**ASSIGNMENT:**
Please transcribe the data exactly as shown, skipping the images.

**DATASET CONTENT:**
--------

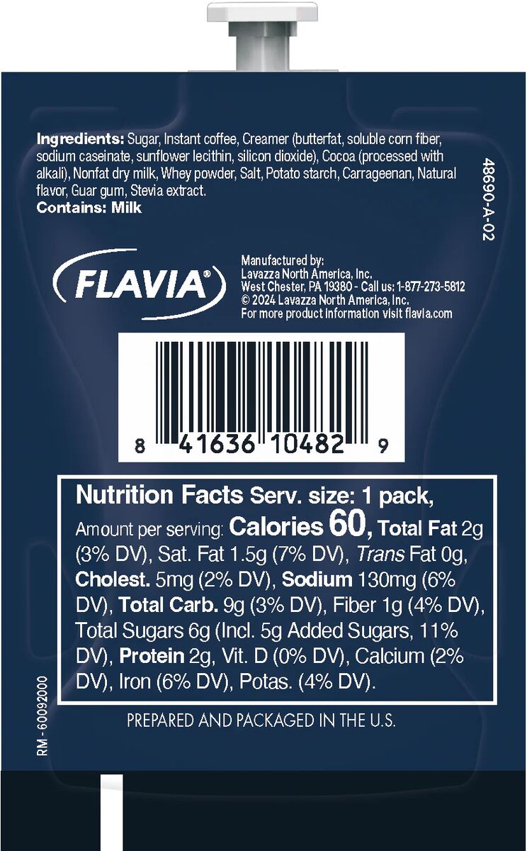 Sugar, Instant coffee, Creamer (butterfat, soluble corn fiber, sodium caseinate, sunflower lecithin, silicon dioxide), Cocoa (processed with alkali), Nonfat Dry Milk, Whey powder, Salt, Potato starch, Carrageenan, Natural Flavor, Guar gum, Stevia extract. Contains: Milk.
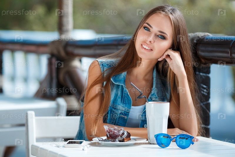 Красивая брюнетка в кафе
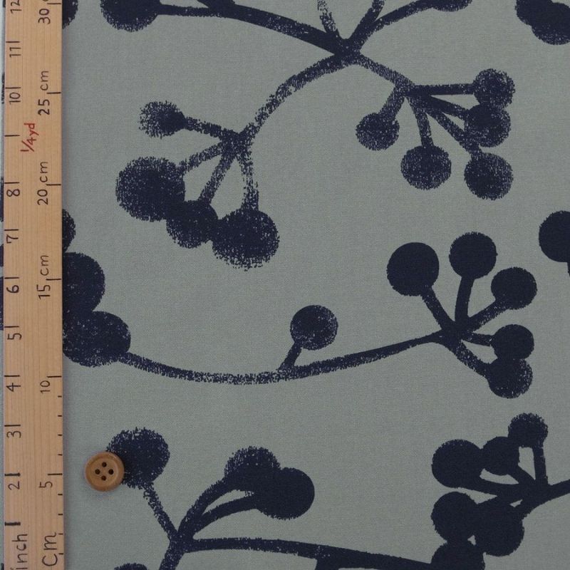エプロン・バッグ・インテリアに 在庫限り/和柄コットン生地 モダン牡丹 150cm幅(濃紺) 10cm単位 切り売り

--------

**RESPONSE TO THIS TASK:**
 Sugar, Instant coffee, Creamer (butterfat, soluble corn fiber, sodium caseinate, sunflower lecithin, silicon dioxide), Cocoa (processed with alkali), Nonfat Dry Milk, Whey powder, Salt, Potato starch, Carrageenan, Natural Flavor, Guar gum, Stevia extract. Contains: Milk.
 Красивая брюнетка в кафе
エプロン・バッグ・インテリアに 在庫限り/和柄コットン生地 モダン牡丹 150cm幅(濃紺) 10cm単位 切り売り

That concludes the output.